Now, when I say "pity post" I don't mean that no one besides Lora has posted since January. I mean pity me and pity me now please, pretty please, whimper and whine, whimper and whine.
I am sitting here at 36 weeks + 1 day pregnant and I am miserable. Up until last week everything was peachy. All of a sudden the child has decided to grow like a weed. My slight pregnant belly that I was secretly proud of has ballooned into a WHOA BABY you are pregnant. Those of you that read my personal blog (blog.wineplease.org) know that not but a few weeks ago I was complaining about not looking pregnant. Well those days are freaking O-V-E-R!

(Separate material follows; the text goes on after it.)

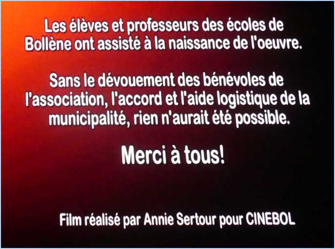 Cinébol est intervenu à mi-course en concluant sa séance spéciale par la projection d’un document vidéo sur l’exécution jubilatoire des fresques, réalisées par les jeunes émules du street art.  J. P.
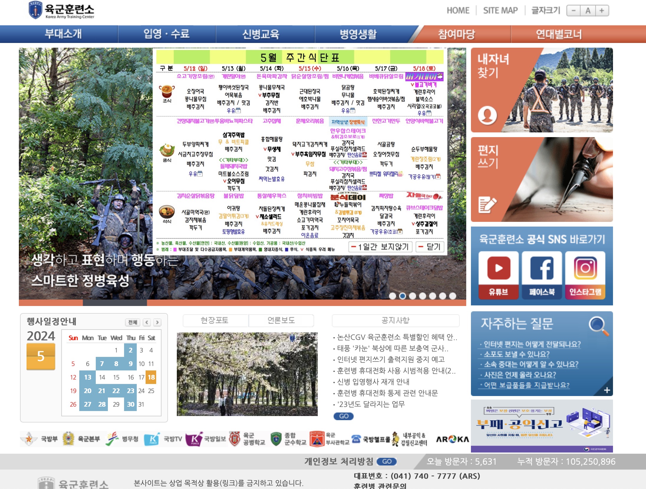 부대소개 및 입영 수료 신병교육 병영생활 참여마당 연대별 코너를 확인할 수 있습니다. 특히 참여마당에서 훈련소에 입소한 자식 친구 연인 선후배 등 편지쓰기를 통해 인터넷을 통해 훈련병과 연락을 주고받을 수 있습니다.

The kid weighs nearly 7 pounds according to the ultrasound and as a result my sciatic nerve is very unhappy. In the morning I am alright, but then after lunch my back is killing me and I can barely walk. That is a joy to add to my absolute phobia of waddling like a big, fat, pregnant lady. Does it help that I was overweight to begin with? Not at all. My belly pokes at farther than my boobs.
If that wasn't enough here is the real pity part. All I wanted in this world today was to come home from work and take a nice almost too warm bath. The water feels great on my back and the water relieves the stress on my back. Could I get the water warm at all. Hell no. So I had to drag myself up and take a lukewarm shower just to finish the bathing portion and get out.
The saving grace of this day is that I had a nice baby shower at work, and my lovely husband is bringing dinner home.